When it comes to hockey, I’ve been playing goalie since 2012. While throughout my career I may have had a subpar save percentage and an unreasonably high goals against average, the nuances of goaltending never escaped me. One of the nuances most important when it comes to goaltending is rebound control which is incredibly important (of course stopping the puck comes first). So now that I am old enough to tie my own skates and understand statistical models (no comment on which came first). I decided to see which goalies had the best rebound control through a regression approach; however, as I was working on the project a realization came to me: unlike my first passion, pokemon, a goalie can’t “catch ’em all” and sometimes they leave a juicy rebound that the defensemen fails to clear away and a forward then gets to hammer in a shot. Because of this I decided to include the players on the ice and also try to isolate their impact on rebound shot creation.
Using data from the moneypuck shot files and play by play from hockey_scraper for the 18-19 season I estimated the probability that a shot would generate a rebound after it. I model the probability using a logistic regression with the following features as inputs to the model:
- Shot Distance
- Shot Angle
- An indicator for if the shot came of a rush
- An indicator for if the shot itself was a rebound
- An indicator for if the shooter was on their off wing when shooting
- An indicator for if the shooting team was trailing
- An indicator for if the shooting team was leading
- An indicator for the goalie
- Indicator’s for every defensive player on the ice
- Indicator’s for every non-shooting offensive player on the ice
To evaluate a player’s rebound control I look at the coefficients to understand the player’s impact on the chance a rebound shot occurs after said shot.
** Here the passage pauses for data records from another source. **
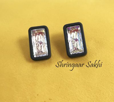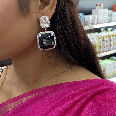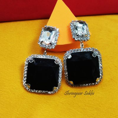 Black Silver Cube Stud Earring
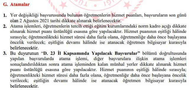Öğretmen atamalar tercih ve hizmet puanı üstünlüğüne göre gerçekleştirilecek olup başvuru kayıt işlemi yapıldıktan sonra hizmet puanlarına etki edecek değişiklikler başvuru sistemine yansımayacağından, ilgililerin hizmet puanına etki edecek değişiklikleri yer değiştirme başvurusunu yapmadan önce tamamlamaları gerekmektedir.
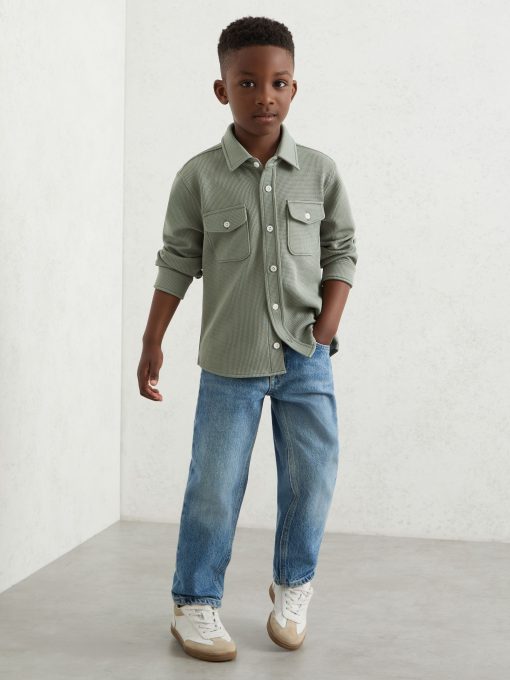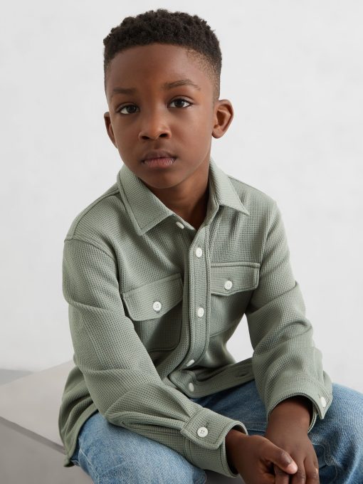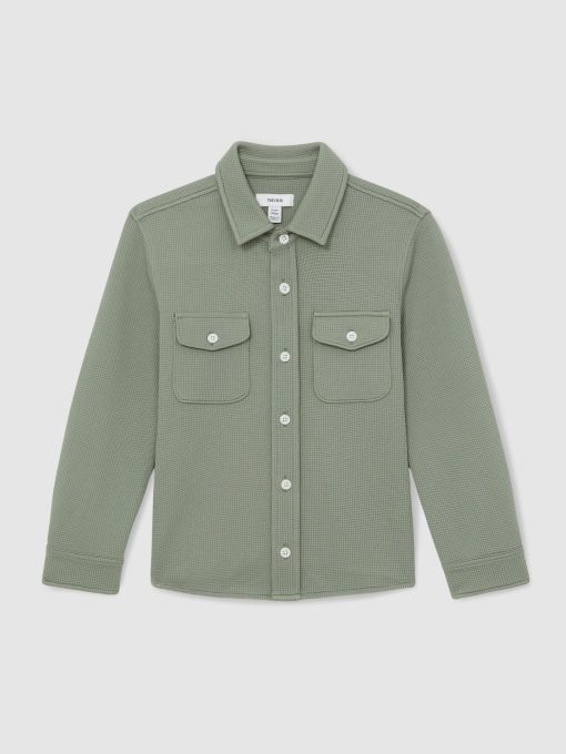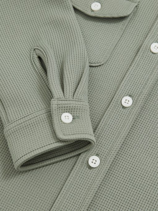 A soft waffle texture gives the Sage Alabastor overshirt a tactile finish, while a classic collar adds refined structure. Buttoned flap pockets introduce a subtle nod to utility. Waffle texture Classic collar Button flap pockets Button cuffs Front button placket

To control for sample size I impose L2 regularization. This means that the model pushes a player’s coefficient towards 0 and only allow a player’s coefficient to grow if they have a larger sample size.
Because the coefficients from a logistic regression don’t convert directly to an impact on probability like they do with a normal linear regression, and the logistic regression curve is non-linear you can’t say that given player X’s coefficient they lower the chance of a rebound by Y percent; but, you can compare one player’s coefficient to another’s and the coefficients gain value relationally (how they compare to other goalie coefficients) where more negative numbers lead to a lower probability and vice-versa. Additionally, when it comes to logistic regression positive values always mean the player is making the vent more likely and negative values make the event less likely.
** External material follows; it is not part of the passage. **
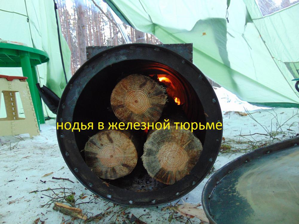 "Я действительно загрузил в длинную горизонталку нодью (пусть и не гигантскую) и действительно заставил её гореть в печке задом наперёд ПОСТЕПЕННО. Имеется в виду, что пламя пожирало брёвна от заднего торца к переднему торцу точно так же, как оно пожирает свечу - равномерно, фронтально и последовательно."
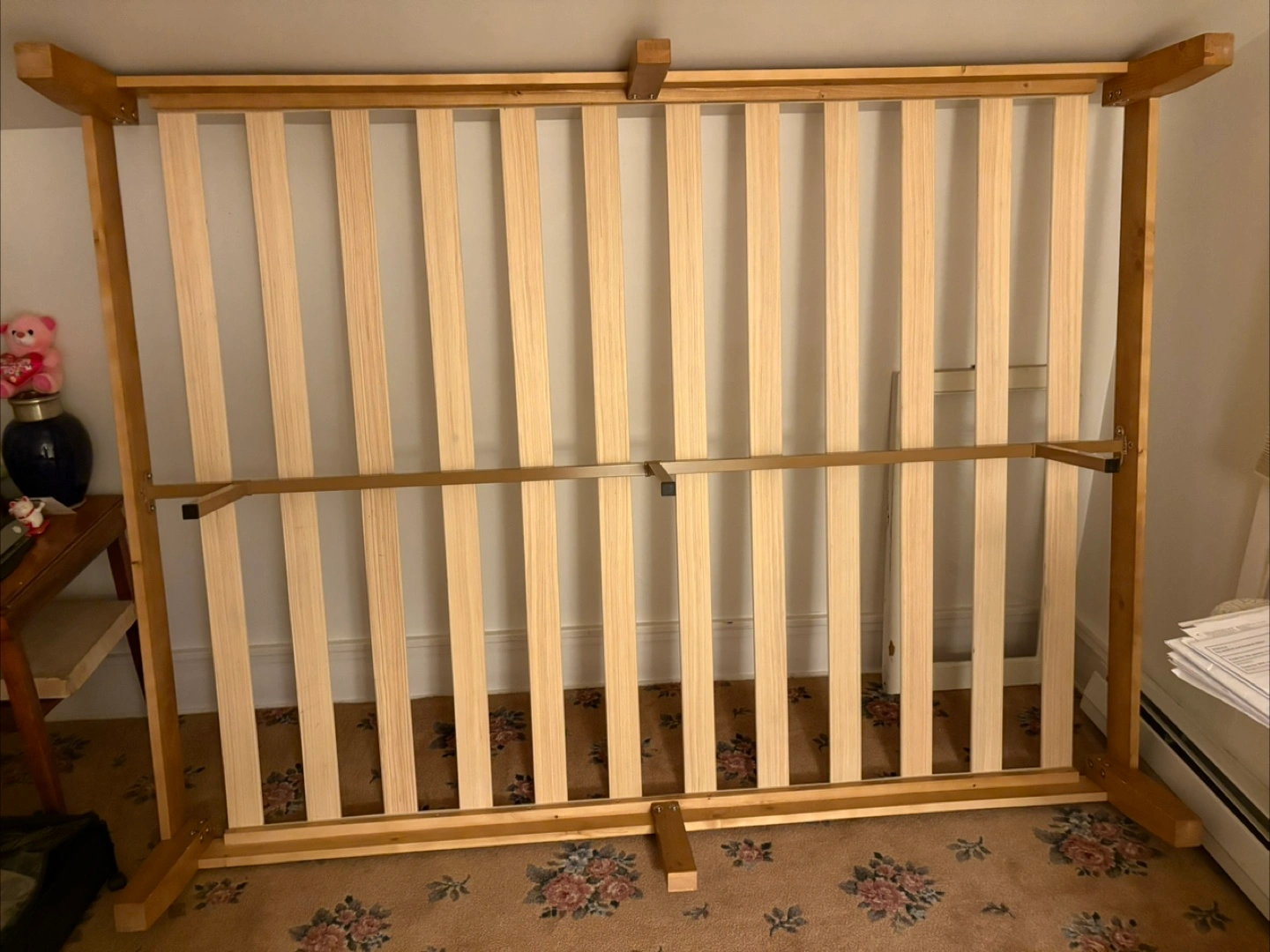 Selling a wooden bed frame. It’s in good condition and ready for a new home! Perfect if you're looking for a sturdy and reliable frame it’s a queen size bed. Selling it because I’m getting a new one :)

IMPORTANT TO REMEMBER: Because I only use one year for the data most of these numbers are subject to high variance and shouldn’t be taken as the absolute. The main purpose of this post is to demonstrate how a regression approach could approximate a players impact on team rebounding.
Below are all the values for goalies. Negative values are good and positive values are bad it is a little counter-intuitive.
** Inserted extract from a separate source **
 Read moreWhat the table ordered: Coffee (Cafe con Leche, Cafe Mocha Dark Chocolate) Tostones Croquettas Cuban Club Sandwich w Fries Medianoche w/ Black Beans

Below are all the values for forwards. Because forwards can be on the ice defensively and offensively, when it comes to a shot each player has a defensive impact and an offensive impact. For offence, a positive impact is good because we want to generate rebounds, and for defence a negative impact is good because we want to suppress rebounds. For the purposes of easily understanding the graph I multiplied the defensive impact by -1 so that the impacts can be read as helping or hurting your team compared to the average player.
Below are all the values for defensemen. Just like forwards defensemen have two different impact values for defence and offence and the defensive value has been multiplied by -1.
Using a regularized logistic regression that has shot information and what players where on the ice I train a model to predict the probability of a shot generating a rebound shot after it. I then look at each player’s/goalie’s coefficient to determine their impact on rebound shot generation both offensively and defensively; however, goalie’s only have one impact value since they don’t play offence.
If you haven’t already I encourage you to look at Micah Blake McCurdy’s shooter and goalie talent model as I based much of my methodology off of his post.